Prepayment. Prepayment risk is the possibility that the principal of the loans underlying mortgage-backed securities, senior floating rate loans or other asset-backed securities may be prepaid at any time. As a general rule, prepayments increase during a period of falling interest rates and decrease during a period of rising interest rates. As a result of prepayments, in periods of declining interest rates an Underlying Fund may be required to reinvest its assets in securities with lower interest rates. In periods of increasing interest rates, prepayments generally decline, with the effect that the securities subject to prepayment risk held by an Underlying Fund may exhibit price characteristics of longer-term debt securities.

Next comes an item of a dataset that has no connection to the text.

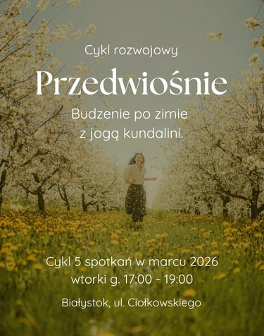 Zapraszam Cię do nowego cyklu rozwojowego „Przedwiośnie. Budzenie po zimie z jogą kundalini”. To cykl 5 spotkań, które pomogą Ci przebudzić się do życia po długiej, mroźnej zimie, podnieść energię i poczuć się lepiej - fizycznie, energetycznie, emocjonalnie.

Technology Companies. Technology companies may react similarly to certain market pressures and events. The industries in which technology companies may be found can be significantly affected by short product cycles, aggressive pricing of products and services, competition from new market entrants, obsolescence of existing technology, worldwide scientific and technological developments and changes in governmental regulation and policies.
Non-Principal Risks of Investing in the SunAmerica Alternative Strategies Fund.
Non-correlation Risk. Although the subadviser to the SunAmerica Alternative Strategies Fund seeks investments that have a low correlation to traditional asset classes, there can be no guarantee that the performance of the SunAmerica Alternative Strategies Fund will, in fact, have a low correlation to traditional asset classes (such as large capitalization stocks or investment grade fixed-income securities) under all market conditions.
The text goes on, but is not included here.